Listed entries -
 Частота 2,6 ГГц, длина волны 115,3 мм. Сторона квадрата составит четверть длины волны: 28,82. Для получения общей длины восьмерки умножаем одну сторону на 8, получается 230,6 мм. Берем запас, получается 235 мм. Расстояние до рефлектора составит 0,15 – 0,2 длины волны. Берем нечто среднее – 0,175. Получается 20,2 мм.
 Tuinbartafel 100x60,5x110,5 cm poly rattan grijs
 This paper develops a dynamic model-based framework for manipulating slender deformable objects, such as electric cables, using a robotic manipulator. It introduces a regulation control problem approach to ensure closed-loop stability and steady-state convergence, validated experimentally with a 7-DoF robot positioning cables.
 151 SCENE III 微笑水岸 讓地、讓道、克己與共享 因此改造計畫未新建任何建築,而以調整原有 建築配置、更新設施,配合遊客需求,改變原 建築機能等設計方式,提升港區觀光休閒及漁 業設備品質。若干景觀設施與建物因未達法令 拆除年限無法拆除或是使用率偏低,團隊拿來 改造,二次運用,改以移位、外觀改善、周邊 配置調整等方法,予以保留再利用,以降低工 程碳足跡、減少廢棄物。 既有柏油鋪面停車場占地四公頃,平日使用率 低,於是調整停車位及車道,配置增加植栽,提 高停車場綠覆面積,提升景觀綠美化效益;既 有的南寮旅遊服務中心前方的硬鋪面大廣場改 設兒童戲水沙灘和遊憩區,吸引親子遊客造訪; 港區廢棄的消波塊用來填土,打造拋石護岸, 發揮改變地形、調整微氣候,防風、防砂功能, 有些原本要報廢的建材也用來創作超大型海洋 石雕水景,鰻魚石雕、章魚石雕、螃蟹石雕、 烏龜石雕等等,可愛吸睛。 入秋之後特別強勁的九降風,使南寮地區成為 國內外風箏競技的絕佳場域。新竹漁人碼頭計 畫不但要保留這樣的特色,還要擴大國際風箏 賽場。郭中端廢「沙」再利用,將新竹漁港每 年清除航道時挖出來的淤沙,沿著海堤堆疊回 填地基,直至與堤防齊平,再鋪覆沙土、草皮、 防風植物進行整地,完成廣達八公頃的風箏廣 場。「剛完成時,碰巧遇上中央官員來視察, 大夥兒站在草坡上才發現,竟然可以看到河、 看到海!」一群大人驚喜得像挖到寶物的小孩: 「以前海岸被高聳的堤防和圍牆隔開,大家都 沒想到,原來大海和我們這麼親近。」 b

==

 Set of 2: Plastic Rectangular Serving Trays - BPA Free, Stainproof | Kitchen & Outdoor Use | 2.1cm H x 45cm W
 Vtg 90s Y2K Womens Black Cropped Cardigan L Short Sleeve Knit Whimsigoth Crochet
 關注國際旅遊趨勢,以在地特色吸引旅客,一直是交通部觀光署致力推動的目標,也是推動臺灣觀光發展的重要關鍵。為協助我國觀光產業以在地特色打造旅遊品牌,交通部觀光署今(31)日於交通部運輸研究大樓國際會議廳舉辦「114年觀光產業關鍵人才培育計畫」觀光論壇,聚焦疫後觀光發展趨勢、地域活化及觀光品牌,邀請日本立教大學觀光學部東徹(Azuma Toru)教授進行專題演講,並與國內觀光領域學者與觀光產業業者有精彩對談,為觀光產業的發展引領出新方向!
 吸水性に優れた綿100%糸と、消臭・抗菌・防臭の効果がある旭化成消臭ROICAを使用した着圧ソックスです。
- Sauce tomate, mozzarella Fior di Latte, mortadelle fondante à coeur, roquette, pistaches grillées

--

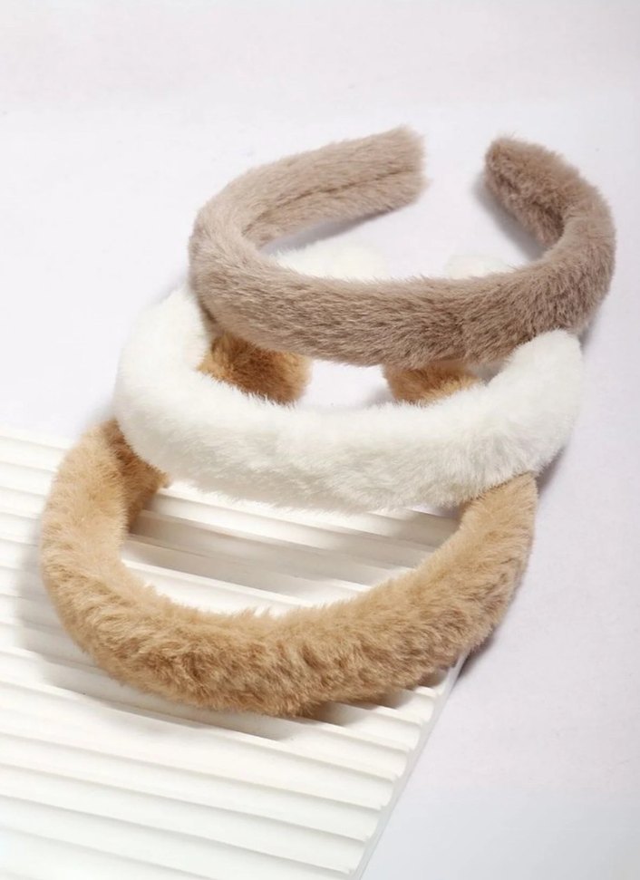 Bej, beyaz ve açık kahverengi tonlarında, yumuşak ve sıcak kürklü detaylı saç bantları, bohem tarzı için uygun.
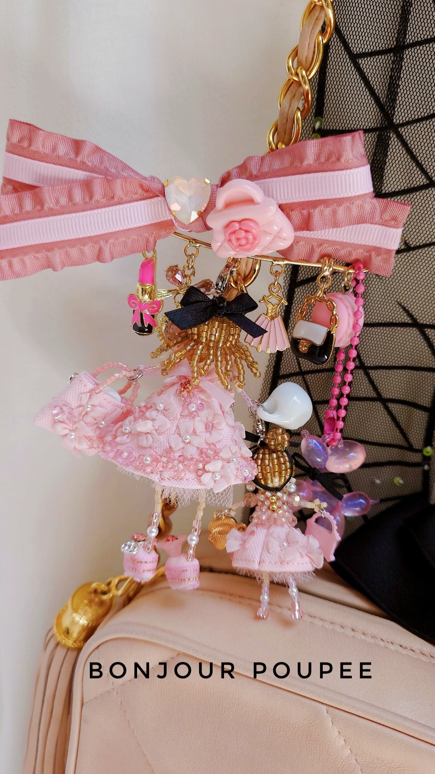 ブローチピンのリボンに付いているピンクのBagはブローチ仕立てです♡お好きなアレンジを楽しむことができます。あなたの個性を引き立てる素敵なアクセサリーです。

Assignment - Please give an exact copy of the entries above, from the line with "Частота 2,6 ГГц, длина" down to the line with "151 SCENE III", inclusive, and nothing else.

Task result -
 Частота 2,6 ГГц, длина волны 115,3 мм. Сторона квадрата составит четверть длины волны: 28,82. Для получения общей длины восьмерки умножаем одну сторону на 8, получается 230,6 мм. Берем запас, получается 235 мм. Расстояние до рефлектора составит 0,15 – 0,2 длины волны. Берем нечто среднее – 0,175. Получается 20,2 мм.
 Tuinbartafel 100x60,5x110,5 cm poly rattan grijs
 This paper develops a dynamic model-based framework for manipulating slender deformable objects, such as electric cables, using a robotic manipulator. It introduces a regulation control problem approach to ensure closed-loop stability and steady-state convergence, validated experimentally with a 7-DoF robot positioning cables.
 151 SCENE III 微笑水岸 讓地、讓道、克己與共享 因此改造計畫未新建任何建築,而以調整原有 建築配置、更新設施,配合遊客需求,改變原 建築機能等設計方式,提升港區觀光休閒及漁 業設備品質。若干景觀設施與建物因未達法令 拆除年限無法拆除或是使用率偏低,團隊拿來 改造,二次運用,改以移位、外觀改善、周邊 配置調整等方法,予以保留再利用,以降低工 程碳足跡、減少廢棄物。 既有柏油鋪面停車場占地四公頃,平日使用率 低,於是調整停車位及車道,配置增加植栽,提 高停車場綠覆面積,提升景觀綠美化效益;既 有的南寮旅遊服務中心前方的硬鋪面大廣場改 設兒童戲水沙灘和遊憩區,吸引親子遊客造訪; 港區廢棄的消波塊用來填土,打造拋石護岸, 發揮改變地形、調整微氣候,防風、防砂功能, 有些原本要報廢的建材也用來創作超大型海洋 石雕水景,鰻魚石雕、章魚石雕、螃蟹石雕、 烏龜石雕等等,可愛吸睛。 入秋之後特別強勁的九降風,使南寮地區成為 國內外風箏競技的絕佳場域。新竹漁人碼頭計 畫不但要保留這樣的特色,還要擴大國際風箏 賽場。郭中端廢「沙」再利用,將新竹漁港每 年清除航道時挖出來的淤沙,沿著海堤堆疊回 填地基,直至與堤防齊平,再鋪覆沙土、草皮、 防風植物進行整地,完成廣達八公頃的風箏廣 場。「剛完成時,碰巧遇上中央官員來視察, 大夥兒站在草坡上才發現,竟然可以看到河、 看到海!」一群大人驚喜得像挖到寶物的小孩: 「以前海岸被高聳的堤防和圍牆隔開,大家都 沒想到,原來大海和我們這麼親近。」 b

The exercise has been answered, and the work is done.